Memory Model

This article will describe what’s a memory model and what are different segments of the memory model used for. There is also a C memory management section to better associate the theory with reality.

Program Memory
The layout of a simple computer’s program memory with various sections


The text segment, or code segment, or simply noted as “.text“, is where a portion of an object file or the corresponding section of the program’s virtual address space that containsthe executable code/instructions stored in. It’s generally read-only and fixed-size.


The data segment contains any global or static variables which have a pre-defined value and can be modified. That is any variables that are not defined within a function (and thus can be accessed from anywhere) or are defined in a function but are defined as static so they retain their address across subsequent calls. Examples in C:

int val = 3;
char string[] = "Hello World";

The values for these variables are initially stored within the read-only memory (typically within .text) and are copied into the .data segment during the start-up routine of the program.

Note that if these variables had been declared from within a function, they would default to being stored in the local stack frame.


BSS (Block Started by Symbol) segment, also known as uninitialized data, is usually adjacent to the data segment.

The BSS segment contains all global variables and static variables that are initialized to zero or do not have explicit initialization in source code. For instance, a variable defined as static int i; would be contained in the BSS segment.

In C, statically-allocated objects without an explicit initializer are initialized to zero (for arithmetic types) or a null pointer (for pointer types).

Stack and heap


The stack (call stack/ program stack) is the memory set aside as scratch space for a thread of execution. When a function is called, a block is reserved on the top of the stack for local variables and some bookkeeping data.

A call stack is composed of stack frames (also called activation records or activation frames).

The stack frame usually includes at least the following items (in push order) :

  • the arguments (parameter values) passed to the routine (if any);
  • the return address back to the routine’s caller (e.g. in the DrawLine stack frame, an address into DrawSquare‘s code); and
  • space for the local variables of the routine (if any).
Call stack layout for upward-growing stacks


The heap is memory set aside for dynamic allocation.

The heap area is managed by malloc, calloc, realloc, and free (or in C++, new and delete, delete[] and free), which may use the brk and sbrk system calls to adjust its size.


The stack area traditionally adjoined the heap area and they grew towards each other; when the stack pointer met the heap pointer, free memory was exhausted.

If that happens, you have hit the limit of your RAM, and need to find out ways to help ensure your program uses less memory.

Difference between Stack and Heap

The OS allocates the stack for each system-level thread when the thread is created. Typically the OS is called by the language runtime to allocate the heap for the application.

The stack is attached to a thread, so when the thread exits the stack is reclaimed.
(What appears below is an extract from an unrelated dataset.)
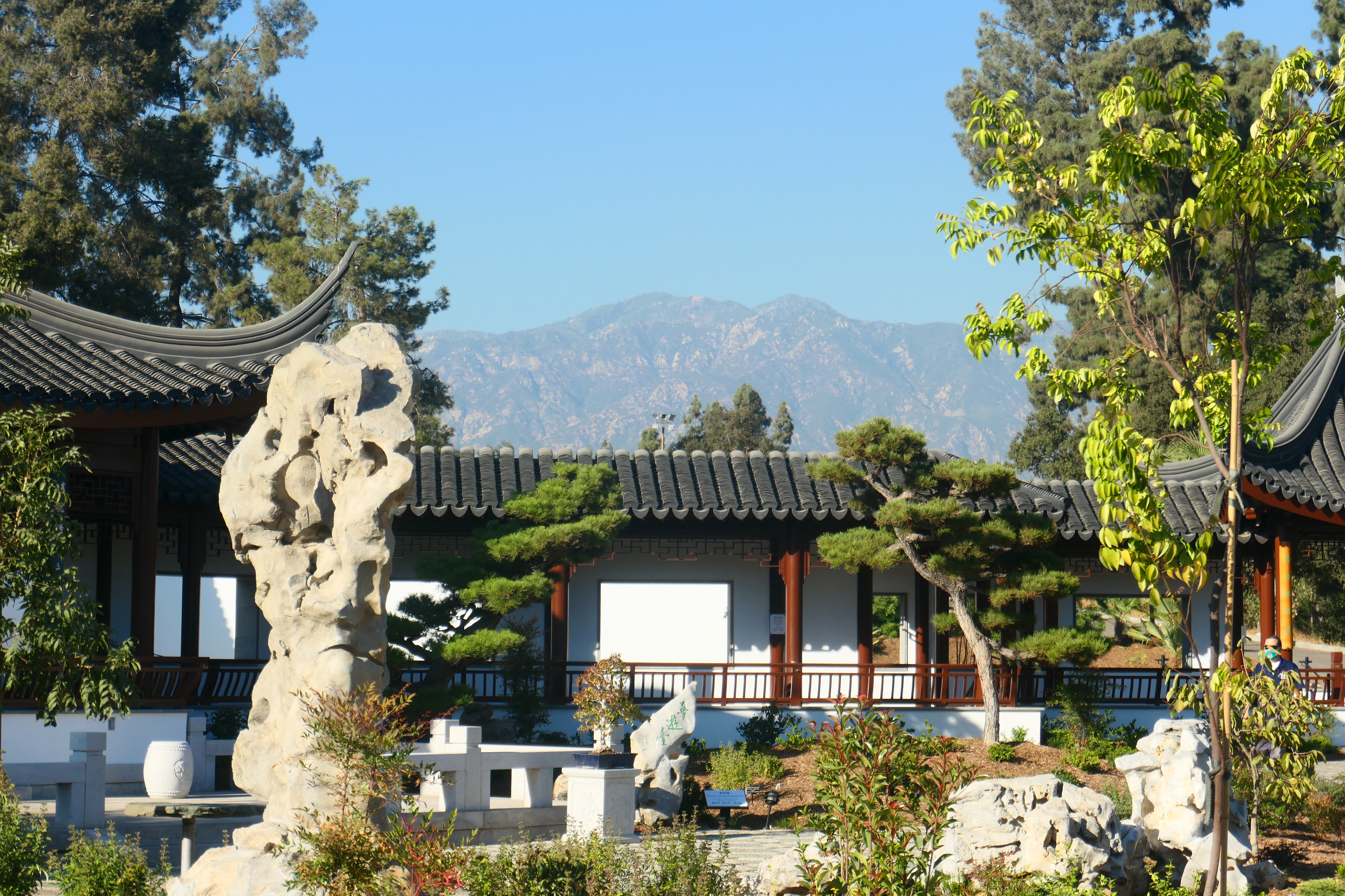Above is the Star Gazing Tower 望星樓, which is the highest point in the garden and affords sweeping views of Mt. Wilson and the domes.

The heap is typically allocated at application startup by the runtime, and is reclaimed when the application (technically process) exits.
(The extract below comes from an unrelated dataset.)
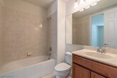 Available for long term rental in the vibrant,gated community of VillageWalk of Bonita Springs is this attached,two story,unfurnished townhome. This unit has abundant living space both inside and out. With three bedrooms and three full baths there is room for family as well as guests. Tile flooring is throughout the main living area with plank flooring in the bedrooms. A centrally located kitchen has rich brown cabinetry,stainless appliances,granite counters and a breakfast bar for extra dining space. All bedrooms have walk-in closets and attached baths. This home has three bathtubs and showers. Your laundry room is located on the second floor and has a wash sink and additional storage. Access into the home from the two car garage is through the private,screen enclosed patio. A ground level porch (with separate entry door into the unit) and upstairs balcony give additional outdoor seating. Amenities include a resort pool,fitness center,both pickle ball/tennis and playground. The town center building houses activity rooms. This community has a restaurant,gas pumps and its own post office. Built around a system of lakes there are miles of walking/jogging trails to enjoy the beautiful south West Florida sunshine.

The size of the stack is set when a thread is created. The size of the heap is set on application startup, but can grow as space is needed (the allocator requests more memory from the operating system).

From Stack Overflow.

Microcontroller Memory

A basic overview of the memory model in Mbed OS:

+---------------------+   Last address of RAM
| Scheduler/ISR stack |
|          ^          |
|          |          |
|                     |
|      Heap cont.     |
| User thread n stack |
| User thread 2 stack |
| User thread 1 stack |
|          ^          |
|          |          |
|                     |
|        Heap         |
|                     |
| ZI: Global data     |
|                     |
| ZI: Idle stack      |
| ZI: Timer stack     |
| ZI: Main stack      |
|                     |
| ZI: Global data     |
|                     |
|     Optional        |
|  Crash-Data-RAM     |
|      region         |
| RW: Vector table    |
+=====================+   First address of RAM
|                     |   Last address of flash
|                     |
|     Application     |
|                     |
|                     |
|                     |
| Optional bootloader |
|                     |
| RO: Vector table    |
+---------------------+   First address of flash

The heap starts at the first address after the end of ZI, growing up into higher memory addresses, and the stack starts at the last memory address of RAM, and grows downwards into lower memory addresses.
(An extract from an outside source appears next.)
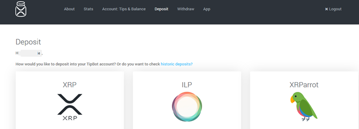 You will need first to login in into your XRP Tip Bot account using your Twitter username (no registration required). Go to this page

This is the volatile memory that is the working data space for storing all variables whilst the program is running. In C, this is static variables, the heap, and the stack.

Inside RAM, you can distinguish two logical types: static and dynamic memory. Static memory is allocated at compile time and, consequently, does not change size during runtime. Dynamic memory is allocated at runtime.


  • Vector table (read and write).
  • Crash data RAM.
  • Global data.
  • Static data.
  • Stacks for default threads (main, timer, idle and scheduler/ISR).


  • Heap (dynamic data).
  • Stacks for user threads. Mbed OS dynamically allocates memory on heap for user thread’s stacks.

Flash (ROM)

This is the non-volatile memory that primarily stores the program’s instructions, and also any “constant” data values. In general, you only read from this memory, and it is only written when you download new code to the mbed.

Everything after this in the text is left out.